Real SFT/DPO evidence is not required for the v0.5.0 onboarding gate. See
docs/post_0_5_training_evidence.md for the post-0.5 scope.
Training remains experimental. In v0.5.0, the [train] extra and actual
SFT/DPO execution are Linux-only because the Torch/Triton/Unsloth dependency
stack is not portable across all supported core platforms. Preflight evidence
is still available without loading models:
signalforgeai-learn train --base-model dummy/base --sft --dpo \
--sft-data results/pilot_check/datasets/pilot.sft.jsonl \
--dpo-data results/pilot_check/datasets/pilot.dpo.jsonl \
--dry-run --quality-gate --logs-root results/pilot_check/logs \
--report-out results/pilot_check/training_preflight.json
Release environments with [train] dependencies installed can opt into a
bounded SFT smoke run and record training_run.v0 evidence:
signalforgeai-learn train --base-model hf/org/base --sft \
--sft-data results/pilot_check/datasets/pilot.sft.jsonl \
--sft-out results/training/sft_lora \
--quality-gate --logs-root results/pilot_check/logs \
--report-out results/pilot_check/training_preflight.json \
--run-report-out results/training/sft_training_run.json \
--smoke --max-steps 1
DPO evidence is opt-in and must point at successful parent SFT run evidence. When a DPO run is present, pass its run report to exchange packaging so the final adapter refs and checksums describe the preference-optimized artifact:
signalforgeai-learn train --base-model hf/org/base --dpo \
--dpo-data results/pilot_check/datasets/pilot.dpo.jsonl \
--sft-run results/training/sft_training_run.json \
--dpo-out results/training/dpo_lora \
--quality-gate --logs-root results/pilot_check/logs \
--report-out results/pilot_check/training_preflight.json \
--run-report-out results/training/dpo_training_run.json \
--smoke --max-steps 1
To have the pilot loop generate DPO-compatible preference data and attach the preflight summary to readiness output:
signalforgeai-pilot-check --mode dummy --training-preflight \
--work-dir results/pilot_check
Run the evidence-only distillation eval gate from the generated recipe:
signalforgeai-distill-check \
--recipe results/pilot_check/distillation_recipe.json \
--work-dir results/distillation_gate
This compares a candidate specialist model against a baseline/teacher model and
writes distillation_eval.v0 JSON and Markdown evidence without requiring real
training.
Generate benchmark frontier evidence across suites and model ids:
signalforgeai-benchmark-matrix \
--config docs/benchmark_matrix_sample.json \
--work-dir results/benchmark_matrix
This writes benchmark_matrix.v0 JSON and Markdown with task success, cost per
successful task, latency p50/p95, reliability fields, mean effective score, and
frontier picks. Dummy rows are deterministic and mandatory; hosted/local/HF rows
skip unless their provider is explicitly required.

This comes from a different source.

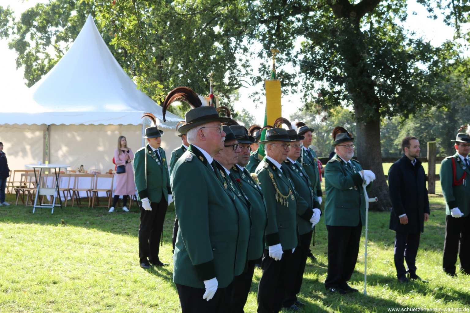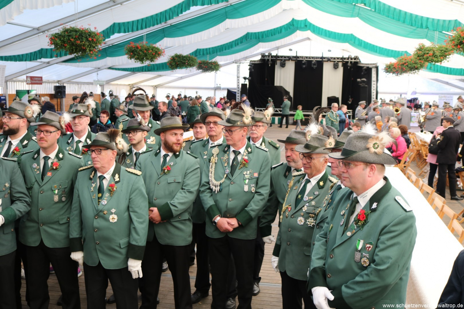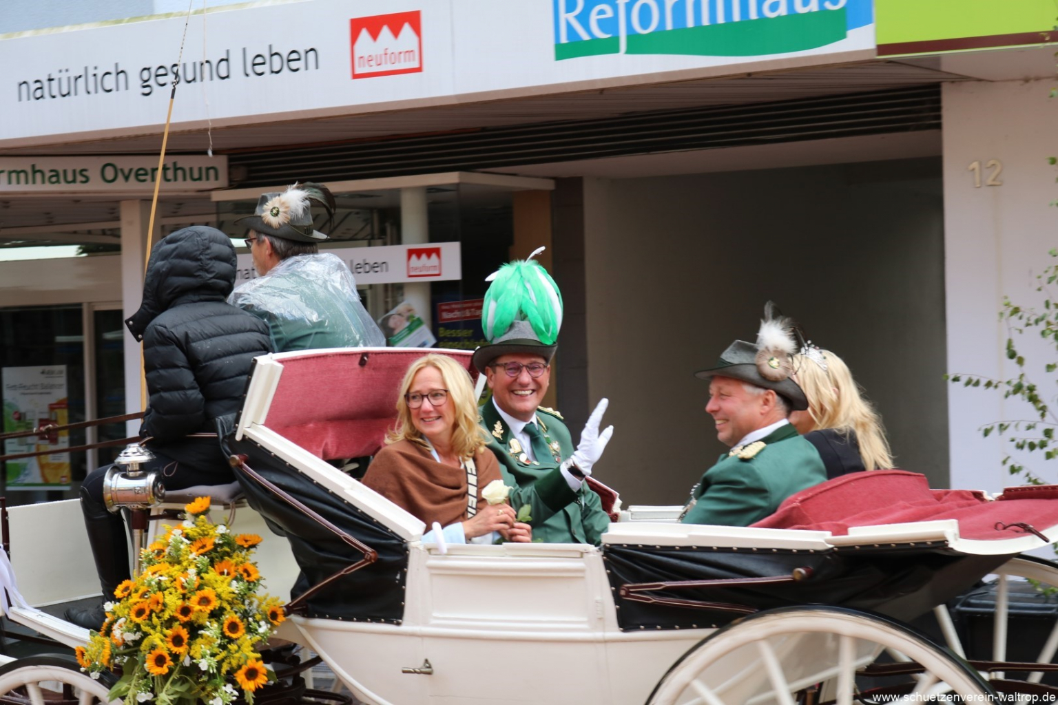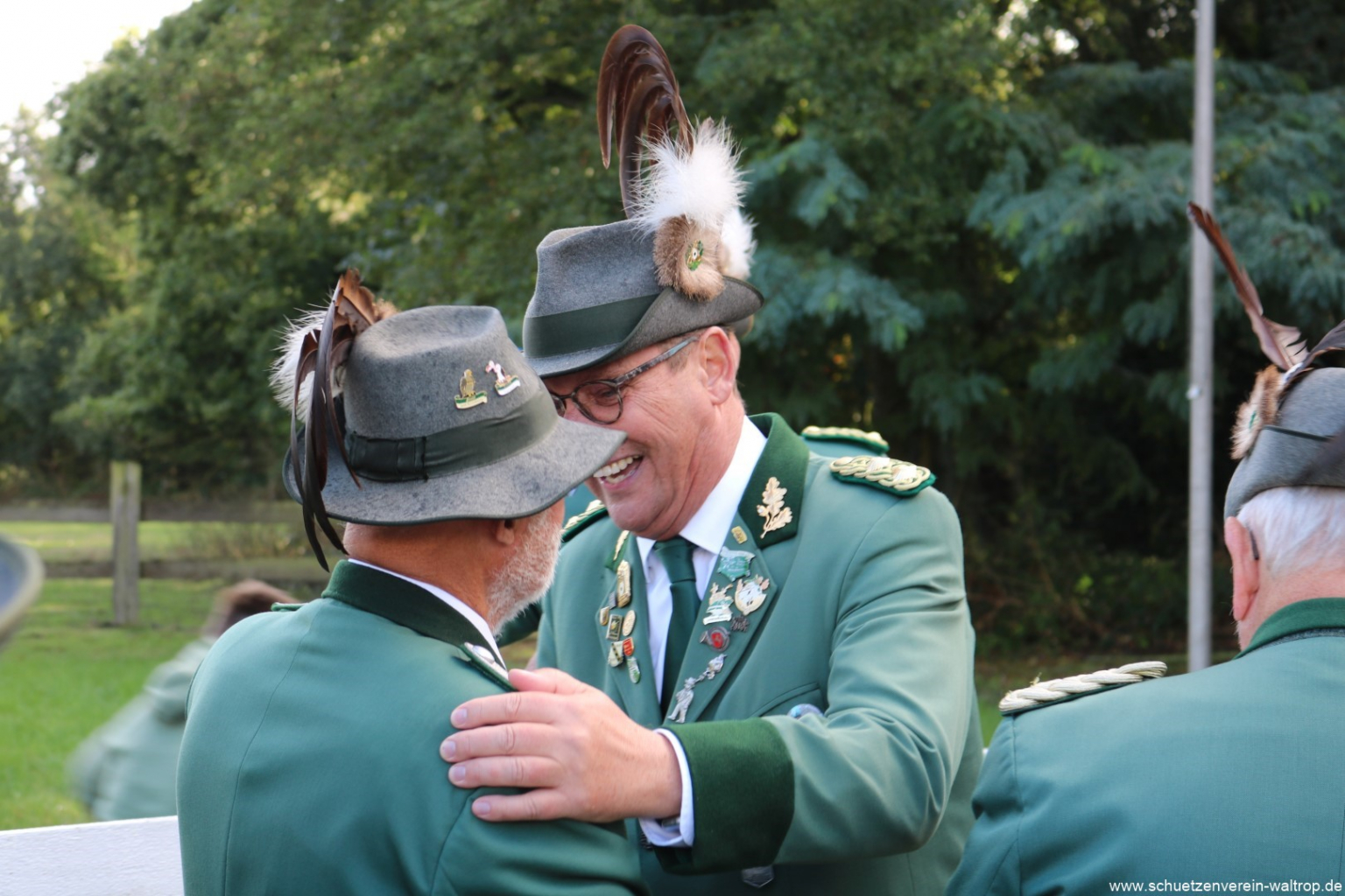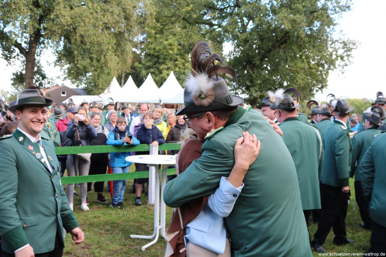 Beim Schießen um die Königswürde waren am Schluss noch zwei ernsthafte Anwärter im Rennen: Ludger Grothus und Karsten Pilger. In einem spannenden Schießen landete Ludger dabei den entscheidenden Schuss und holte den Vogel von der Stange. Zusammen mit seiner Frau Claudia regieren beide nun als Ludger I. und Claudia I.! Die Krönung im Festzelt erfolgte anschließend durch Bürgermeister Marcel Mittelbach.

Build and index a local specialist exchange unit from the release evidence:
signalforgeai-exchange build-unit \
--training-preflight results/pilot_check/training_preflight.json \
--training-run results/training/dpo_training_run.json \
--distillation-eval results/distillation_gate/distillation_eval.json \
--benchmark-matrix results/benchmark_matrix/benchmark_matrix.json \
--out results/exchange/pilot-specialist.unit.json \
--id pilot-specialist --name "Pilot Specialist" --version 0.5.0 --domain pilot \
--model-family dummy --model-size 0B --model-format safetensors \
--model-license Apache-2.0 --dataset-license CC-BY-4.0 \
--usage-constraint "not for production decisions without review" \
--failure-mode dummy_only \
--failure-description "Dummy artifacts only prove exchange plumbing." \
--failure-mitigation "Replace dummy refs before release." \
--safetensors-ref hf://signalforgeai/pilot-specialist/model.safetensors \
--ollama-modelfile hf://signalforgeai/pilot-specialist/Modelfile \
--ollama-tag signalforgeai/pilot-specialist:0.5.0
signalforgeai-exchange package-check \
--manifest results/exchange/pilot-specialist.unit.json \
--out results/exchange/specialist_package.json \
--package-type auto --release-ready --update-manifest
signalforgeai-exchange smoke-run \
--manifest results/exchange/pilot-specialist.unit.json \
--work-dir results/exchange/smoke --update-manifest
signalforgeai-exchange validate \
--manifest results/exchange/pilot-specialist.unit.json --release-ready
signalforgeai-exchange index \
--registry-dir results/exchange --out results/exchange/index.json --release-ready
Repository layout
src/signalforgeai/
├── agents/ # Reference agents used by eval suites
├── orchestration/ # Multi-step execution patterns
├── logging/ # Trace schema, emitter, validation, inspection
├── evaluation/ # Suites, harness, scoring, reporting
├── export/ # Trace -> dataset transformations
├── learning/ # Routing and learning loop primitives
└── training/ # Experimental SFT/DPO components
Top-level runtime assets:
logs/-> execution traces and reward artifactsdatasets/-> generated learning datasetsresults/-> evaluation outputs and summaries
See manifesto.md for principles and roadmap.md for the focused build plan.
Branching & releases
prod-> protected, tagged releasesdev-> integration branch for ongoing workdocs/release_checklist.md-> release gate forv0.5.0
Project details
Release history Release notifications | RSS feed
Download files
Download the file for your platform. If you're not sure which to choose, learn more about installing packages.
Source Distribution
Built Distribution
Filter files by name, interpreter, ABI, and platform.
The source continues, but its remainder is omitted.